Some equine researchers have suggested that calling competition horses “athletes” – happy or otherwise – is in itself problematic, as it implies that the horse can be a willing participant in the drive, desire, effort, and self-sacrifice that goes into the elusive and particularly human psychological goal of winning (McLean & McGreevy, 2010; see also Henderson, Horse Sport, December 2012). They suggest that governing bodies such as the FEI might be better off to highlight instead what is tangible and measureable. In next month’s follow-up, I will explore how we might strive for the development of the happy equine athlete, and objectively know when we have attained these goals.
Modern management practices of confinement and isolation almost always lead to compromised psychological well-being.

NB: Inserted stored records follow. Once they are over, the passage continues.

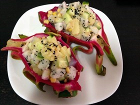 先將火龍果分開一半,將果肉拎出,再加入切粒青瓜、切粒菠蘿及其他你喜歡的材料,我加左椰果、粟米、芝麻醬、幾粒黑芝麻裝飾,完成!
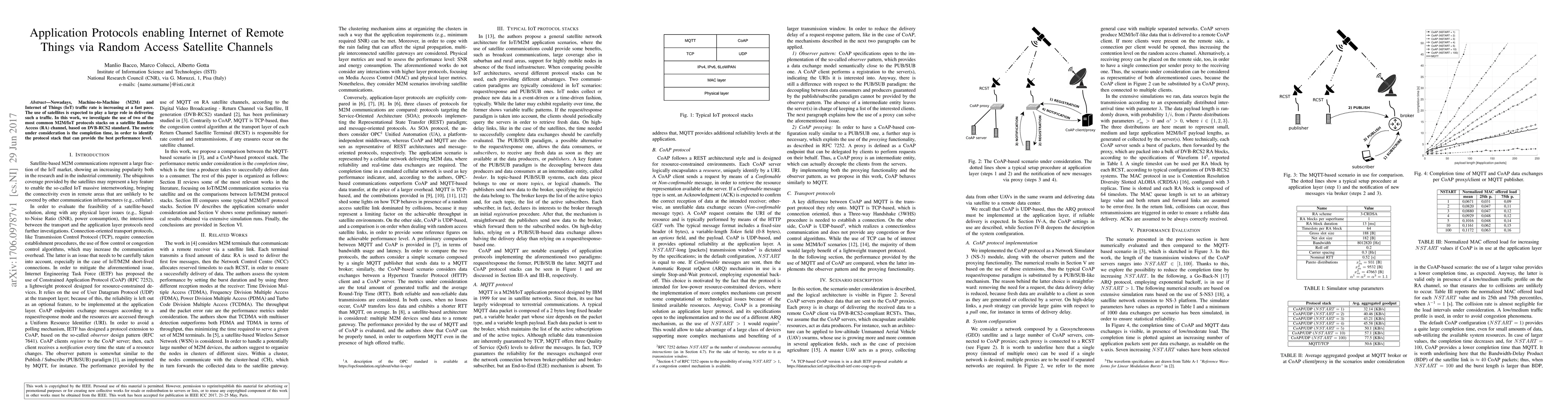 Nowadays, Machine-to-Machine (M2M) and Internet of Things (IoT) traffic rate is increasing at a fast pace. The use of satellites is expected to play a large role in delivering such a traffic. In this work, we investigate the use of two of the most common M2M/IoT protocols stacks on a satellite Random Access (RA) channel, based on DVB-RCS2 standard. The metric under consideration is the completion time, in order to identify the protocol stack that can provide the best performance level.
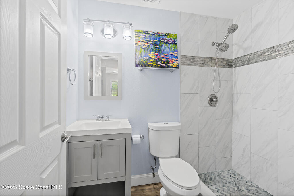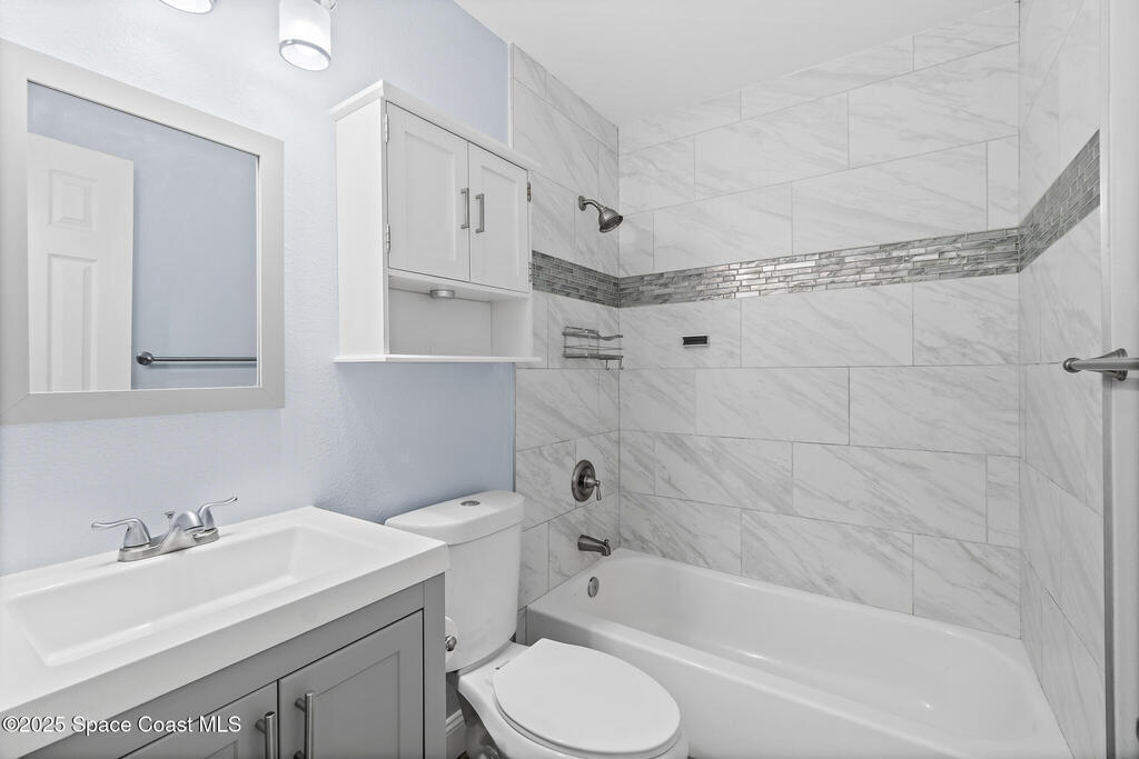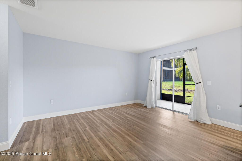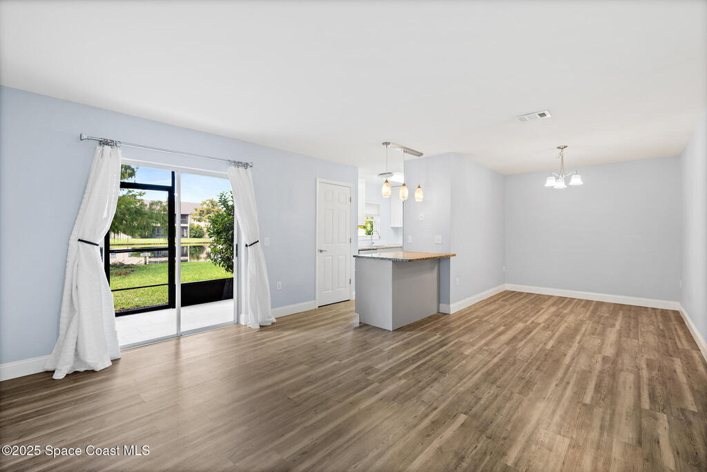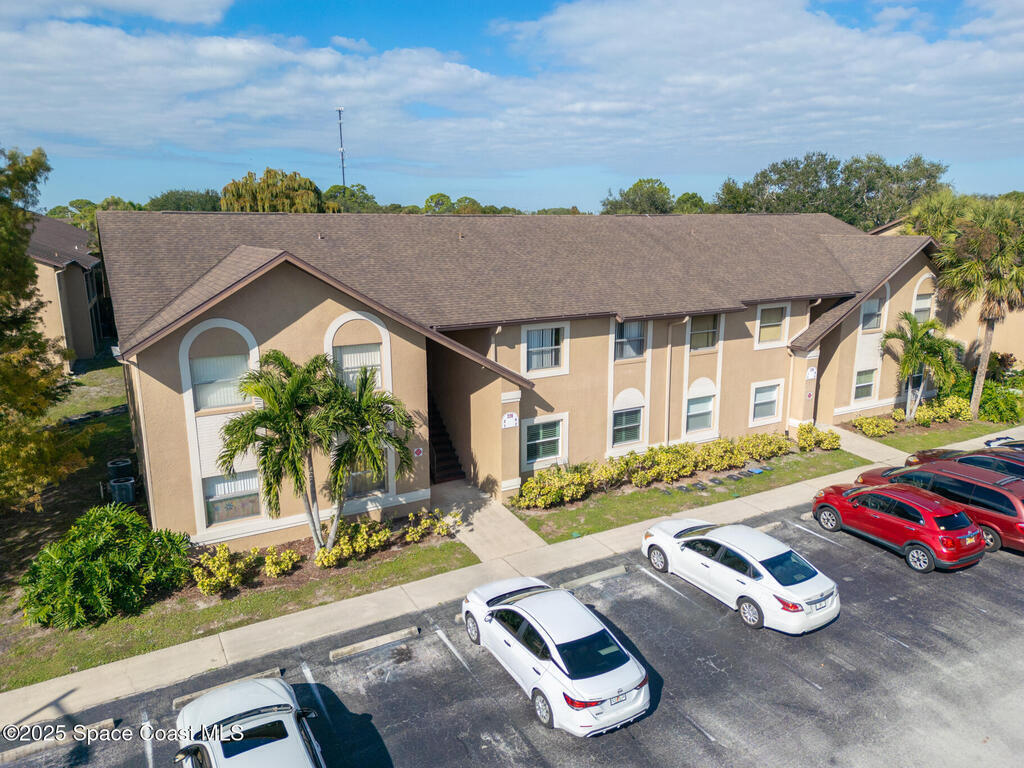 Discover serenity in this pristine 1st-floor Merritt Island condo, where comfort meets coastal ease. Step into open living spaces graced by modern luxury vinyl flooring. The kitchen offers pond views, sleek granite counters, white shaker soft-close cabinets, stainless steel appliances, LG washer/dryer and a granite breakfast bar with chic pendant lights. Unwind on the tiled screened lanai overlooking a peaceful pond and lush greenery. The primary suite includes a walk-in tiled shower with decorative inlay, refreshed vanity, plantation shutters and organized walk-in closet. Guest bath features a tiled tub/shower w/inlay flair and stylish finishes. Impact windows & 2024 hot water heater too! Enjoy low HOA fees of $265/month in a well-run, self-managed community 15 minutes to the beach and close to shops, Publix and dining. Listing includes 3D walkthrough & video tour. Schedule your private tour today and start Living the Florida Lifestyle!
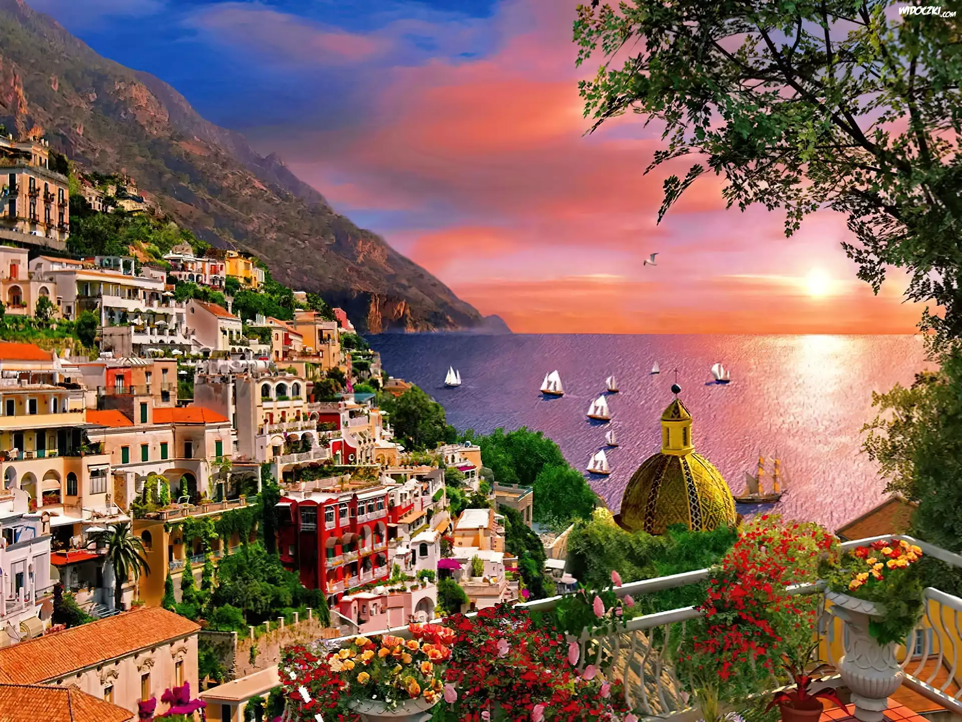 Zdjęcia, Domy, Morze, Góra, Zachód, Słońca
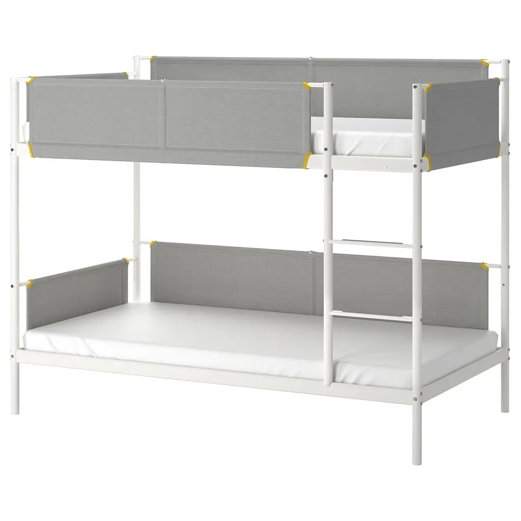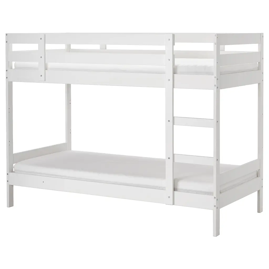 MYDAL Bunk bed frame - white Twin. Made of solid wood, which is a durable and warm natural material. A good solution where space is limited. High beds and the upper bed of bunk or loft beds are not suitable for children under 6 years of age due to the risk of injury from falls.
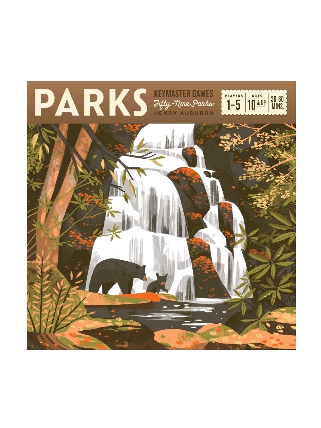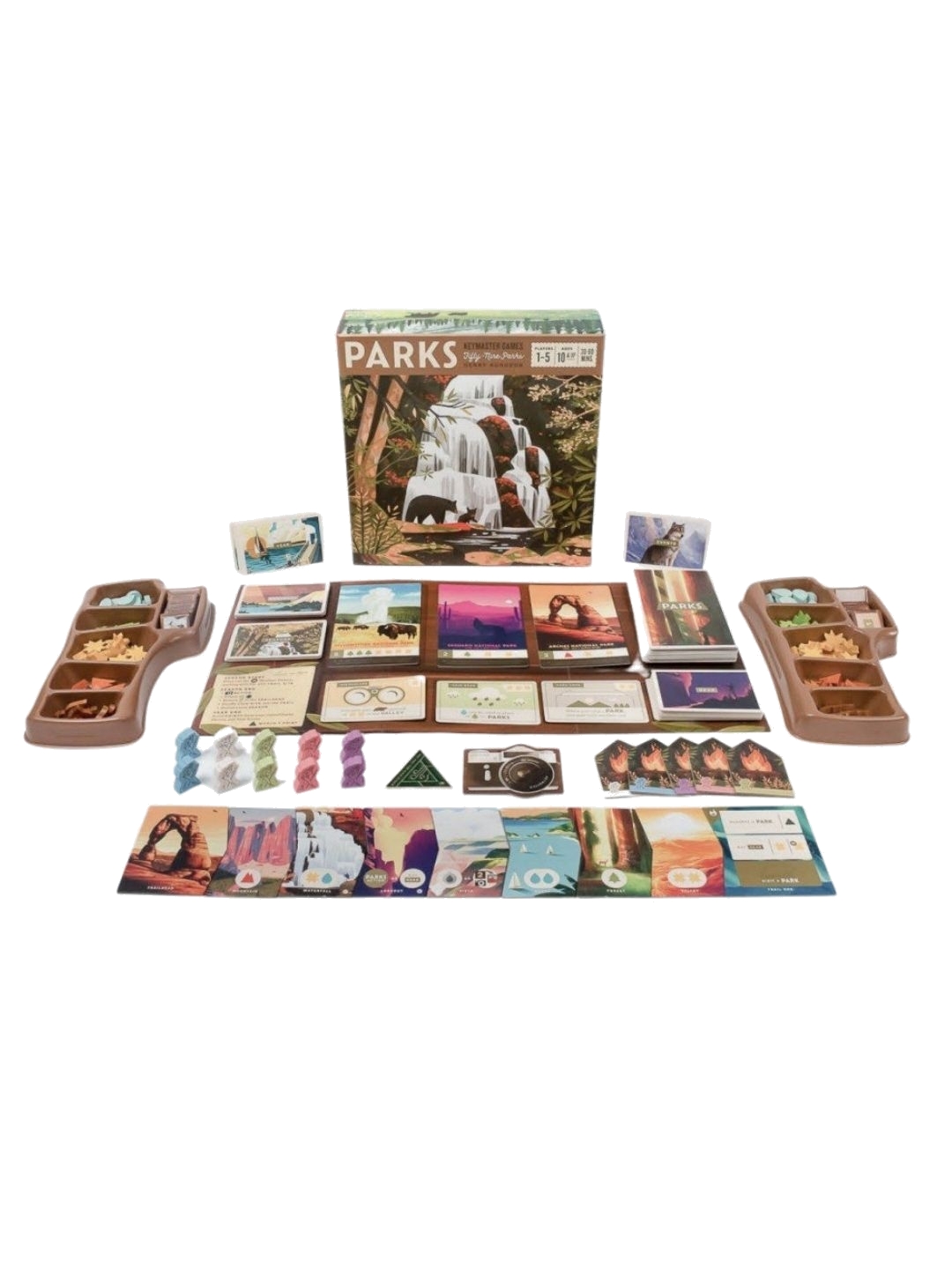PARKS is a celebration of the US National Parks featuring illustrious art from Fifty-Nine Parks. In PARKS, players will take on the role of two hikers as they trek through different trails across four seasons of the year. While on the trail, these hikers will take actions and collect memories of the places your hikers visit. These memories are represented by various resource tokens like mountains and forests. Collecting these memories in sets will allow players to trade them in to visit a National Park at the end of each hike. - Age Range 10+ - Players: 1-5 - Publisher Keymaster Games - English Version - Imported
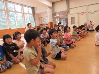 体操の後、幼児組はプールに移動してプール遊びの安全をお願いする「おはらい」をしました。園長先生がプールの角に塩を置いて清めてから、おはらいをしました。

Moral Disengagement: When good people do bad things
Humans, for the most part, engage in practices that meet our moral standards and keep us feeling good about ourselves. However, according to psychologist Albert Bandura, our standards may be overridden by psychological devices that foster moral disengagement. Through a gradual severance of self-censure we are able to tolerate increasingly uncomfortable acts of harm, often without awareness that our ethical line in the sand has shifted. Our high moral standards as a benevolent horse person remains intact even as we cause our horses to suffer.
• Cognitive remodeling: We compare ourselves to others whose treatment is worse, or use sanitizing language that makes harmful conduct respectable (“We had a bit of a conversation about that,” meaning that the horse was hit, spurred, and/or yanked repeatedly to punish an undesired behaviour).
• Cognitive distortion: We diffuse responsibility onto others such as coaches, or minimize or deny the harmfulness of the practice (“We only use bamboo poles for rapping. It doesn’t actually hurt him.”).
• Distortion of consequences: We minimize, ignore, distort, or disbelieve the harm we cause, making self-censure unnecessary. Many of the harmful effects of housing horses in solitary confinement are easily discredited, particularly since the negative impact is not always obvious.
• Empathic decay: We blame the horse, reasoning that he if does not perform the desired behaviour it is justifiable to punish him.
Bandura notes that this cognitive restructuring of investing harmful behaviour with high moral purpose is a spectacularly powerful mechanism for disengaging moral control. It not only eliminates self-censure, but serves to validate immoral behaviour. In this way we distance ourselves from our horse’s suffering, pursue our competitive goals with a clear conscience, and feel validated for doing so.
Through a gradual severance of self-censure we are able to tolerate increasingly uncomfortable acts of harm, often without awareness that our ethical line in the sand has shifted.